On Tue, Feb 20, 2018 at 9:08 AM, Gabriel Charette <g...@chromium.org> wrote:

> Actually, we probably don't need to bisect all the green alerts. But when
> a CL is expected to improve something, it'd be nice to explicitly request a
> breakdown of which improvements/regressions it's pinpointed to.
>
> i.e. have a "Bisect Filter" button on https://chromeperf.appspot.

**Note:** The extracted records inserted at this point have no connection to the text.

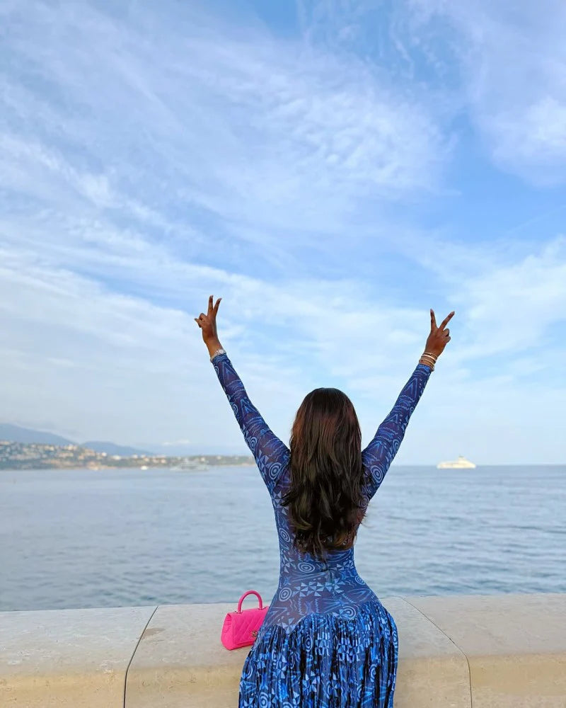 A dreamy fusion of edge and elegance, the Blue Floral Long Sleeve Maxi Dress brings artful flair to occasion wear. Crafted from sheer blue mesh fabric with a striking graffiti-style digital print, this piece features delicate long sleeves, a flattering fitted waist, and a dramatic pleated hem that moves with effortless grace. The wave-shaped seam at the skirt adds sculptural depth, making it a true statement piece.
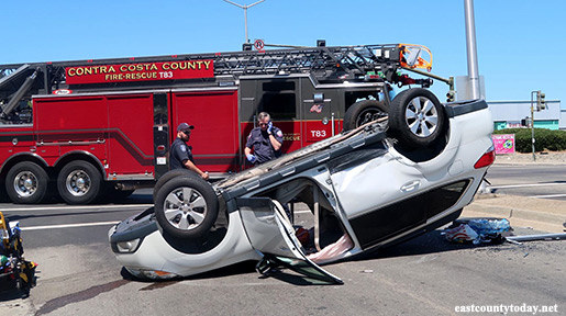 At 11:26 am Saturday, Contra Costa County firefighters responded to a report of an overturned vehicle crash on Buchanan Road at Gentrytown in the City of Antioch.
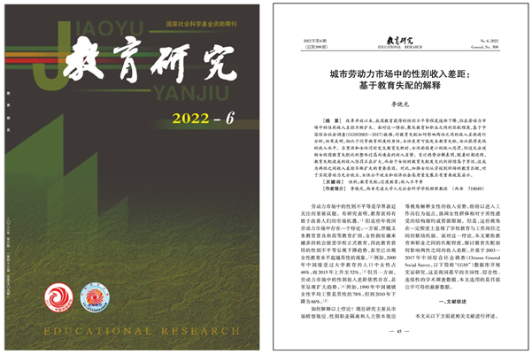 社会学系李晓光助理教授完成的研究《城市劳动力市场中的性别收入差距:基于教育失配的解释》于《教育研究》2022年第6期发表。
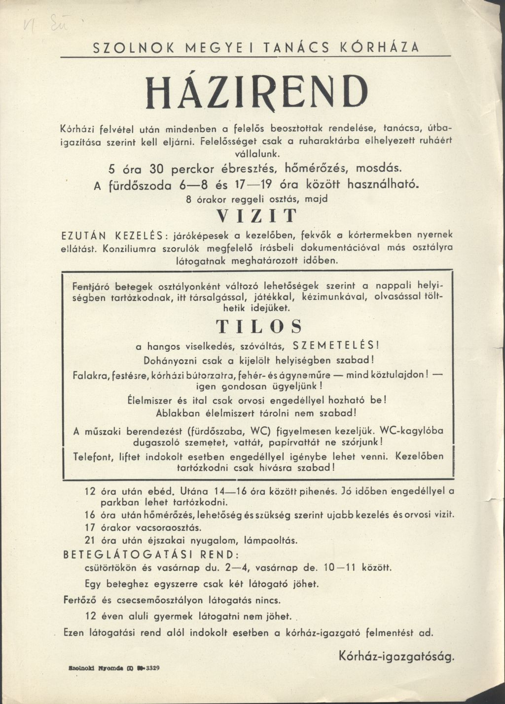 1958Szolnok Megyei Tanács Kórházának Házirendje
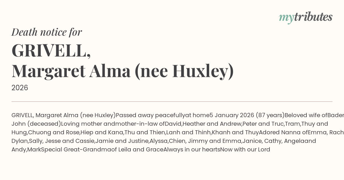 16°CGRIVELL, Margaret Alma (nee Huxley)

> com/group_report?rev=533152 to request an explicit bisect on all bots
> where something was noticed in its range and filter out any graph that
> isn't attributed to that particular CL.
>
> On Tue, Feb 20, 2018 at 5:58 PM Simon Hatch <simonha...@chromium.org>
> wrote:
>
>>
>>
>> On Tuesday, February 20, 2018 at 11:46:18 AM UTC-5, Gabriel Charette
>> wrote:
>>>
>>> (sigh @chromium.org.. again!)
>>>
>>> On Tue, Feb 20, 2018 at 5:44 PM Gabriel Charette <g...@google.com> wrote:
>>>
>>>> Oops, we crossed in writing :)
>>>>
>>>> On Tue, Feb 20, 2018 at 5:37 PM <simonha...@chromium.org> wrote:
>>>>
>>>>> Completely agree in that we want to get to a place where you can
>>>>> clearly what impact a CL had. The data and tooling are getting there,
>>>>> there's been considerable effort in the last year to improve things on 
>>>>> that
>>>>> front. We can't enable automatic Pinpoint for improvements, although we do
>>>>> have plans for a much more automated sherriffing flow in the
>>>>> not-too-distant future (we're requesting a lot more hardware and I believe
>>>>> benchmarking team is narrowing the # of configurations).
>>>>>
>>>>> For this specific case, only regressions get triaged, thus you only
>>>>> see regressions get filed to you.
>>>>>
>>>>
>>>> What would it take to triage both? Seems like a single bit thing for a
>>>> big gain?
>>>>
>>>>
>> I'm actually not sure, Annie could probably speak more to this. A quick
>> look at the alerts page suggests it would more than double the perf sheriff
>> workload.
>>
>> Would some sort of "super" perf-tryjob allowing you to run against many
>> benchmarks/configurations, with a nice report of the overall impact, be a
>> reasonable alternative to sherriffing all improvements?
>>
>>
>>
>>> Also, re. "you can file a bug on them". That's at least blocked on
>>>> go/catabug/4225 <https://goto.google.com/catabug/4225>.
>>>>
>>>>
>>>
>> In the short-term I might be able to take this on if you're willing to do
>> the tedious bisect on all the green alerts.
>>
>>
>>>
>>>>>
>>>>> On Tuesday, February 20, 2018 at 11:06:53 AM UTC-5, Annie Sullivan
>>>>> wrote:
>>>>>
>>>>>> bcc: benchmarking-dev
>>>>>> cc: speed-services-dev, dtu, simonhatch
>>>>>>
>>>>>> Pinpoint does identify both regressions and improvements; you can see 
>>>>>> more
>>>>>> details here
>>>>>> <https://docs.google.com/document/d/19gig8pv8ei2y45mVDp5awZGj39bZoFjNDn65uOfyUUY/edit>.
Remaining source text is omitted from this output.